Parmi les illusionnés en chef, Bruno Le Maire. Bien que l’industrie française poursuive sa lente décomposition, que les infrastructures (routes, ponts, voies ferrées, etc.) se dégradent et que la démographie amorce un déclin, le ministre de l’Économie se gonfle les baskets avec « la crédibilité retrouvée » de la France auprès des « dirigeants des grands fonds d’investissement internationaux », notamment BlackRock, comme le rapporte le JDD. Le Maire s’extasie face aux 51 milliards de dollars de dividendes distribués aux actionnaires de sociétés françaises au second trimestre 2019 ; « nouveau record historique et meilleure performance européenne de loin », précise l’hebdomadaire, alors qu’en Allemagne, ils n’étaient que de 38,5 milliards.

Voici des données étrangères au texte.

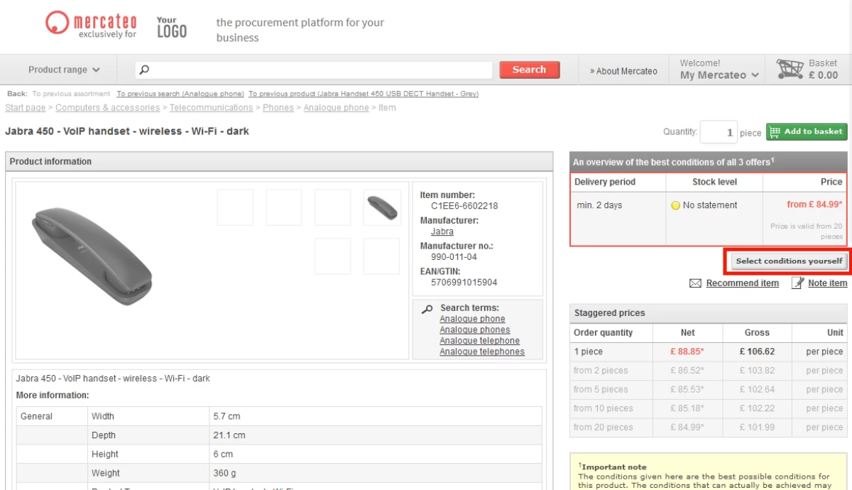 All items have a product detail page with a detailed description. This usually includes: content information as product number, brand, manufacturer no., EAN, images, product features, and product data sheets, as well as conditions, e.g. delivery time, stock level and staggered prices. By clicking on the right “Select conditions yourself” you can see details such as shipping costs and return policies.

Pour Le Maire, droit dans ses bottes, ce sont les efforts consentis pour réduire les déficits budgétaires et attirer la finance internationale dans l’Hexagone qui ont permis de propulser Macron à la tête du leadership européen ! Il faut dire qu’entre le chaos du Brexit, l’imbroglio italien et la déroute de Merkel, la situation du gouvernement français apparaît comme un îlot de stabilité…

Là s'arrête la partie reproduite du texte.